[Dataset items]

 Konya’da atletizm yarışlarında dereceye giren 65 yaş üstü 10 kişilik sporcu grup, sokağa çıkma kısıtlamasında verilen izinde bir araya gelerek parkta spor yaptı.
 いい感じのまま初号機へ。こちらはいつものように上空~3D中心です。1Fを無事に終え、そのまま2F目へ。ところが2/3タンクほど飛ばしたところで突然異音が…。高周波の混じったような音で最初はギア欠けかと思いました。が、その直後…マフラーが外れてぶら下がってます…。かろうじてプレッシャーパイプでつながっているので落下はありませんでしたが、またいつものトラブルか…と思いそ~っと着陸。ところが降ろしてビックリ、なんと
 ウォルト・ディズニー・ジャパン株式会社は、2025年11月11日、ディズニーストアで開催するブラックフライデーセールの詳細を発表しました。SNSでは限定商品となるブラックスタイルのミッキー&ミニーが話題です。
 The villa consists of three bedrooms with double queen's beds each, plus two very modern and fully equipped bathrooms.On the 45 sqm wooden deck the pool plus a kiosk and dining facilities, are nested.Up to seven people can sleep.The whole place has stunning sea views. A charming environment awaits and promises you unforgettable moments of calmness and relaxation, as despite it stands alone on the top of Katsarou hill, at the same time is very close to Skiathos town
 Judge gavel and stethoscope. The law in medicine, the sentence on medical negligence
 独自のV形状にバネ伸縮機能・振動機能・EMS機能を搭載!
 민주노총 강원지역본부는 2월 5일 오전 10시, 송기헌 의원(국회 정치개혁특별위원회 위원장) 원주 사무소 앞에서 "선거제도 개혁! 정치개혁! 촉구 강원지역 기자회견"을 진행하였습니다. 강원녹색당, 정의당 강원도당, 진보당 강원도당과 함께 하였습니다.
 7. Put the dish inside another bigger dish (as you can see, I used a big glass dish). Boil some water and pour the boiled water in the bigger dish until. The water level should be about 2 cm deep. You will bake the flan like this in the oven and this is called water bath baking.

Work instruction -> Every entry is to be transcribed exactly as it stands.

Reply ->
 Konya’da atletizm yarışlarında dereceye giren 65 yaş üstü 10 kişilik sporcu grup, sokağa çıkma kısıtlamasında verilen izinde bir araya gelerek parkta spor yaptı.
 いい感じのまま初号機へ。こちらはいつものように上空~3D中心です。1Fを無事に終え、そのまま2F目へ。ところが2/3タンクほど飛ばしたところで突然異音が…。高周波の混じったような音で最初はギア欠けかと思いました。が、その直後…マフラーが外れてぶら下がってます…。かろうじてプレッシャーパイプでつながっているので落下はありませんでしたが、またいつものトラブルか…と思いそ~っと着陸。ところが降ろしてビックリ、なんと
 ウォルト・ディズニー・ジャパン株式会社は、2025年11月11日、ディズニーストアで開催するブラックフライデーセールの詳細を発表しました。SNSでは限定商品となるブラックスタイルのミッキー&ミニーが話題です。
 The villa consists of three bedrooms with double queen's beds each, plus two very modern and fully equipped bathrooms.On the 45 sqm wooden deck the pool plus a kiosk and dining facilities, are nested.Up to seven people can sleep.The whole place has stunning sea views. A charming environment awaits and promises you unforgettable moments of calmness and relaxation, as despite it stands alone on the top of Katsarou hill, at the same time is very close to Skiathos town
 Judge gavel and stethoscope. The law in medicine, the sentence on medical negligence
 独自のV形状にバネ伸縮機能・振動機能・EMS機能を搭載!
 민주노총 강원지역본부는 2월 5일 오전 10시, 송기헌 의원(국회 정치개혁특별위원회 위원장) 원주 사무소 앞에서 "선거제도 개혁! 정치개혁! 촉구 강원지역 기자회견"을 진행하였습니다. 강원녹색당, 정의당 강원도당, 진보당 강원도당과 함께 하였습니다.
 7. Put the dish inside another bigger dish (as you can see, I used a big glass dish). Boil some water and pour the boiled water in the bigger dish until. The water level should be about 2 cm deep. You will bake the flan like this in the oven and this is called water bath baking.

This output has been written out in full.